Теперь, когда мы сидим у камина и жарим каштаны при еле мерцающем свете газового рожка, пришла пора небылиц. В долгие ночи — я не смел глянуть через плечо — гремя цепями, появлялись привидения, зажав свою голову под мышкой, и, точно совы, кричали: «У-у-у», а в укромном уголке под лестницей, где щелкает газовый счетчик, прятались дикие звери!

— Однажды, — говорит Джим, — жили-были трое мальчишек, ну вот вроде нас, и в темноте они заблудились в снегу возле часовни Вифезды, и с ними стряслось…

Это было самое жуткое происшествие, о каком я только слыхал.
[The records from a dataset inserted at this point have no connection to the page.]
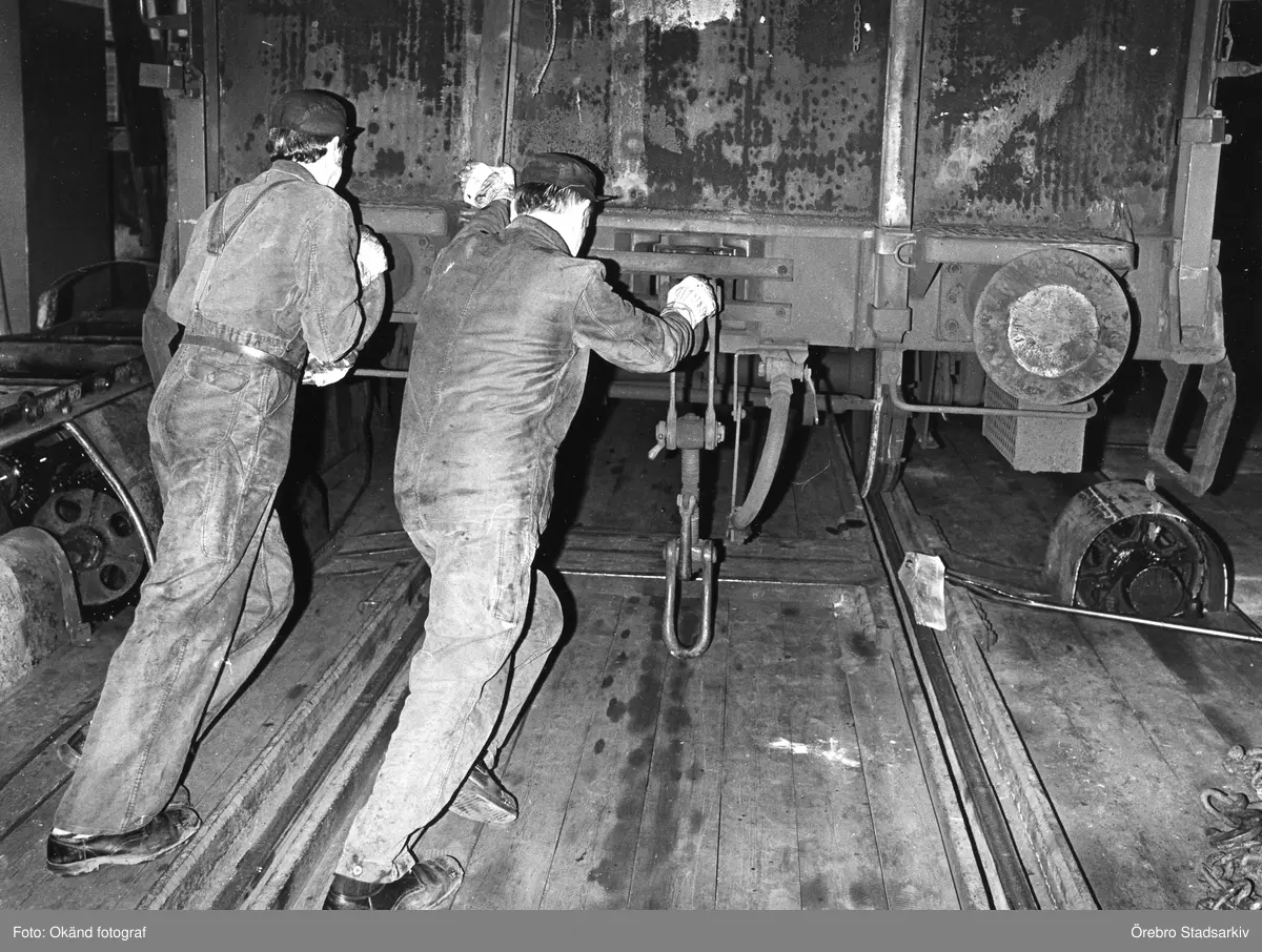Arbetare skjuter på järnvägsvagn på Centralverkstäderna, 1970-tal
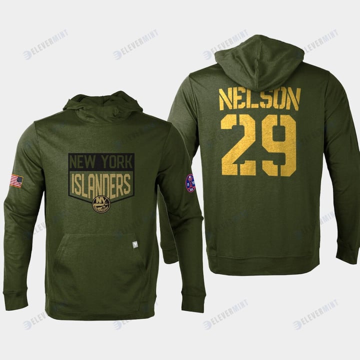 New York Islanders 29 Brock Nelson 2022 Salute to Service Olive Pullover Hoodie
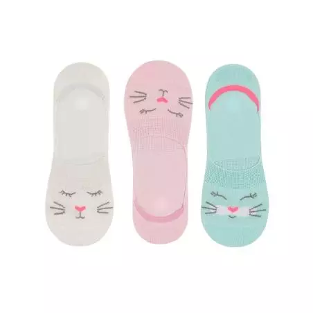 Zestaw skarpetek typu stopki dla dziewczynki (3 szt.). Skarpetki to istotny element dziecięcego stroju. Chronią stopy przed zimnem, a także przed otarciami i odparzeniami. Model low cut liners z nadrukiem kotka doskonale sprawdzi się do balerinek czy z obuwiem sportowym typu sneakers
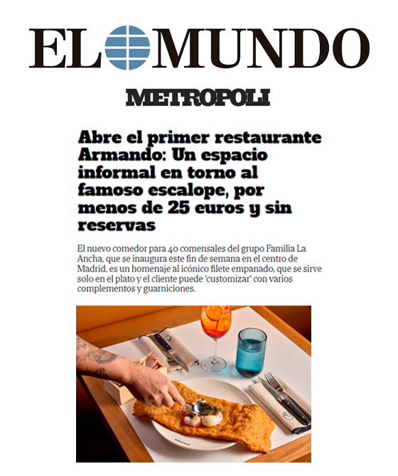 Diez años después, el momento ha llegado: “Abre el primer restaurante Armando: Un espacio informal en torno al famoso escalope, por menos de 25 euros y sin reservas”, afirma María Canales, redactora de Metrópoli. Para ella, “tenía todo el sentido del mundo que el escalope más famoso de España encontrara su templo, un espacio propio donde tener todo el protagonismo y donde poder ir a disfrutarlo”. Y visto con sus palabras, reiteramos: tenía todo el sentido del mundo. Abríamos a inicios de diciembre, con un comedor para unos 40 comensales donde servir el escalope Armando en mesa vestida, por elevar la experiencia, pero también por pura necesidad, porque este escalope no viene solo, llega a la mesa con un despliegue de sabores y el trabajo impecable del personal de sala que arma, literalmente, el Armando en mesa.
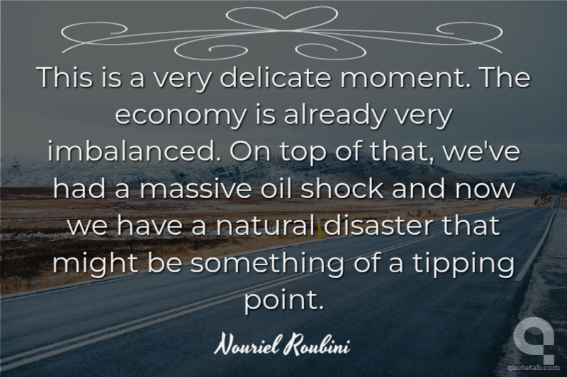 This is a very delicate moment. The economy is already very imbalanced. On top of that, we've had a massive oil shock and now we have a natural disaster that might be something of a tipping point.
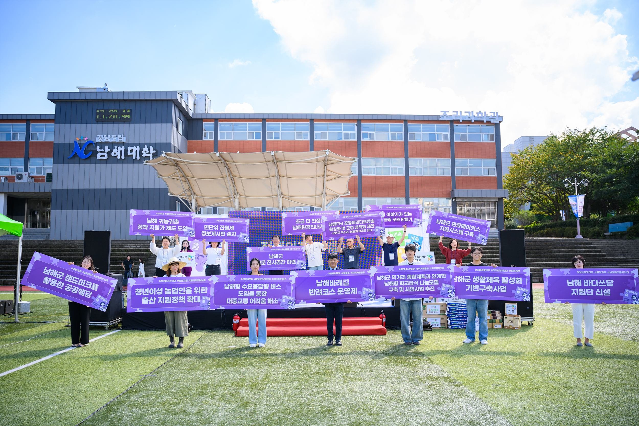 4. 남해 고향사랑 정책축제 성황리 개최1 (사진제공=남해관광문화재단) [PEDIEN] 남해군민이 직접 발굴하고 투표한 정책을 공유하는 ‘남해 고향사랑 정책축제’가 지난 9월 27일 경남도립남해대학 운동장에서 성황리에 막을 내렸다. 600여 명의 군민이 참여한 이번 축제는 정책 제안부터 투표, 심사까지 전 과정을 군민이 주도하며 풀뿌리 민주주의의 가능성을 보여줬다는 평가다. 이번 축제는 정책을 딱딱한 행정 주제가 아닌 모두가 즐기는 축제의 장으로 만들었다. 지역 예술인 공연과 가수 정홍일이 참여한 토크쇼가 분위기를 띄웠으며, 어린아이부터 어르신까지 다양한 세대가 함께 어우러져 남해군의 미래를 논했다. 이날 무대에서는 중학생부터 청년, 어르신까지 다양한 세대가 참여한 14건의 정책 제안이 발표됐다. 제안자들은 5분 동안 남해가 직면한 현실 문제와 해결 방안을 진지하게 공유했으며, 이후 정책마켓 부스 라운딩을 통해 군민들과 직접 소통했다. 약 400명의 군민평가단 투표와 심사위원단의 평가를 거쳐 최종 3개의 우수 정책이 선정됐다. 대상은 상주중학교 무지개협동조합이 제안한 ‘남해형 학교급식 나눔모델 구축’이 차지했다. 이 모델은 버려지는 학교 급식 잔식을 취약계층에게 전달하여 환경 문제와 사회적 문제를 동시에 해결할 수 있다는 점에서 높은 평가를 받았다. 최우수상은 김보람 씨의 ‘남해형 수요응답형 버스 도입을 통한 대중교통 어려움 해소’가, 우수상은 양희수 씨의 ‘남해군 랜드마크를 활용한 공공웨딩’이 각각 수상했다. 행사장에는 15개 기관단체가 참여한 정책 부스와 아이들이 직접 셀러로 나선 ‘꼼지락 장터’가 열려 가족 단위 방문객들에게 큰 호응을 얻었다. 무엇보다 이번 축제의 가장 큰 의의는 군민이 발굴하고 선택한 정책이 실제 행정으로 이어질 수 있는 가능성을 열었다는 점이다. 특히 군민평가단 투표와 지역 전문가로 구성된 심사위원단의 평가를 함께 반영하는 구조를 도입해 공정성과 전문성을 동시에 확보했다. 남해관광문화재단 김용태 대표이사는 “군민의 목소리가 정책이 되는 축제를 만들기 위해 노력했다”며 “앞으로도 군민과 함께 정책을 만들고 실행하는 문화를 확산시켜 나가겠다”고 향후 계획을 밝혔다. -

Помню как-то раз, за день или два до сочельника мы отправились распевать рождественские гимны; на небе не было даже самого крошечного осколочка луны, которая могла бы осветить порхающую белизну таинственных улиц. В конце одной длинной улицы был проезд, он вел к большому дому, и в тот вечер, в темноте, преисполненные страха, зажав на всякий случай по камню в руке, и слишком храбрые, чтобы вымолвить хоть слово, мы отправились по этому проезду. Проносясь над придорожными деревьями, ветер выл так, будто это хрипели в пещерах какие-то мерзкие старцы, у которых и вместо ног-то, может, были перепончатые лапы. Мы подошли к черной громаде дома.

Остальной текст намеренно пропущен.